The euro is set to weaken versus the yen as Mario Draghi challenges Haruhiko Kuroda of Japan as the developed world’s most dovish central banker.
The euro-yen rate closed below its 200-day moving average for the first time since November 2012 this week. That’s a bearish signal that could translate to sharper losses should the 18-nation currency revisit its low for the year set in February, according to Citigroup Inc. The euro has already tumbled 4.6 percent against its Japanese counterpart in 2014, ending a rally that started in July 2012.
While strategists in Bloomberg surveys have forecast all year that the euro would weaken versus the dollar, they expected declines against the yen to be more limited as the Bank of Japan prints unprecedented amounts of cash to boost its economy. Those assumptions were upended on June 5, when the European Central Bank unveiled new monetary easing measures, including negative interest rates on deposits.
“The ECB sounded dovish and we may well see more from them,” Shyam Devani, a technical analyst in Singapore at Citigroup, the world’s largest foreign-exchange trader, said yesterday by phone. “Our bias is that euro-yen does go lower.”
The euro fell to as low as 137.88 yen yesterday, the weakest level since Feb. 6, after closing on June 10 at 138.66, below its 200-day moving average, data compiled by Bloomberg show. The shared currency traded at 138.03 as of 6:05 a.m. in Tokyo. It slipped to a low for the year of 136.23 on Feb. 4.
The formation on June 9 of what’s known as a bearish outside-day pattern, where the euro’s high and low versus the yen exceeded those of the previous trading day, added to Citigroup’s negative view.
At the start of the year, strategists in Bloomberg surveys predicted a 6.9 percent decline for the euro against the dollar and a 4.7 percent slide versus the yen.
ECB President Draghi’s announcement last week of rate cuts and hints of more radical measures to come is prompting some forecasters to reassess their view of the shared currency against the yen. Economists are speculating that the BOJ, led by Kuroda, won’t expand a 70 trillion-yen ($684 billion) annual bond-buying program at its policy meeting this week. The Federal Reserve is tapering its unprecedented debt-purchase program and may end it this year.

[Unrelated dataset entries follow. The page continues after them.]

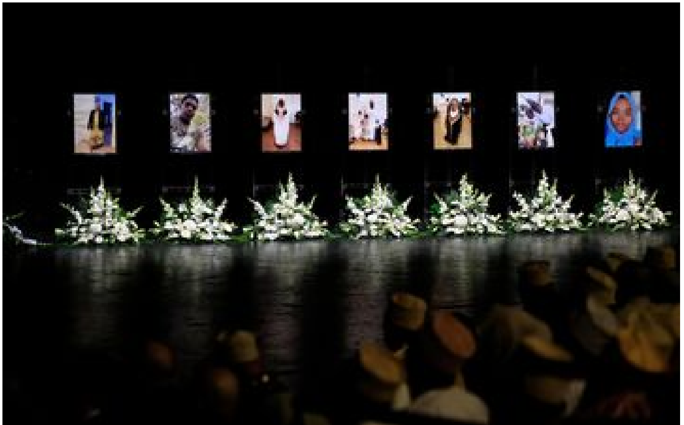
Hommage aux sept victimes de l'incendie criminel de Nice : « On espère maintenant que justice soit faite » P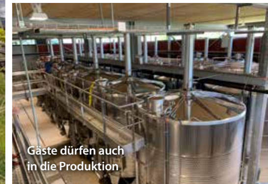
Gäste dürfen auch in die Produktion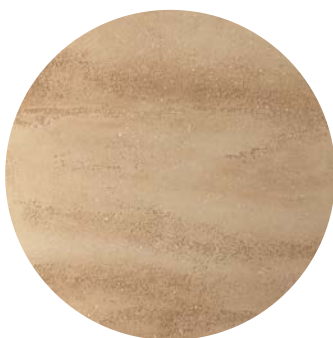
Effetto travertino / travertine effect

Az Acrisyl Decora gránit vagy természetes kő megjelenésű bevonatot kínál, amelyet a textúrába ágyazott apró kristályok díszítenek, lenyűgöző hatásokat keltve a fény visszaverődése szerint. A termék kifinomult stílusú megoldást nyújt, miközben olyan felület hoz létre, amely ellenáll a légszennyeződésnek, és védelmet nyújt a penész és alga kialakulása ellen. Emellett ideális hőszigetelő rendszerekkel borított falakra is.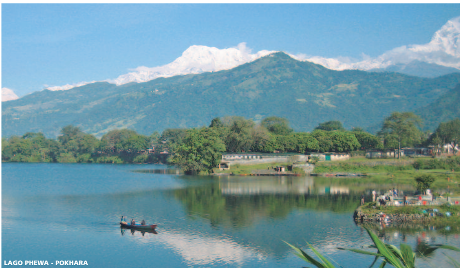
LAGO PHEWA - POKHARA

HOTELES Turista Sup. a Lujo Incluyendo 7 DESAYUNOS, PC en PARQUE CHITWAN, SAFARI en ELEFANTE y 8 VISITAS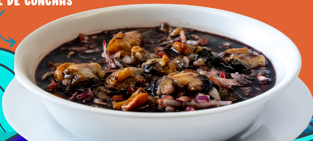
COCTEL DE CONCHAS

“The ECB will run around with very low rates for a very, very long time -- much longer than the Fed and perhaps comparably longer than the BOJ,” Ulrich Leuchtmann, the head of currency strategy at Commerzbank AG in Frankfurt, said in a June 10 phone interview. “Rates are low across the globe, but the risk that we see an upward shock in interest rates is much lower with the euro.”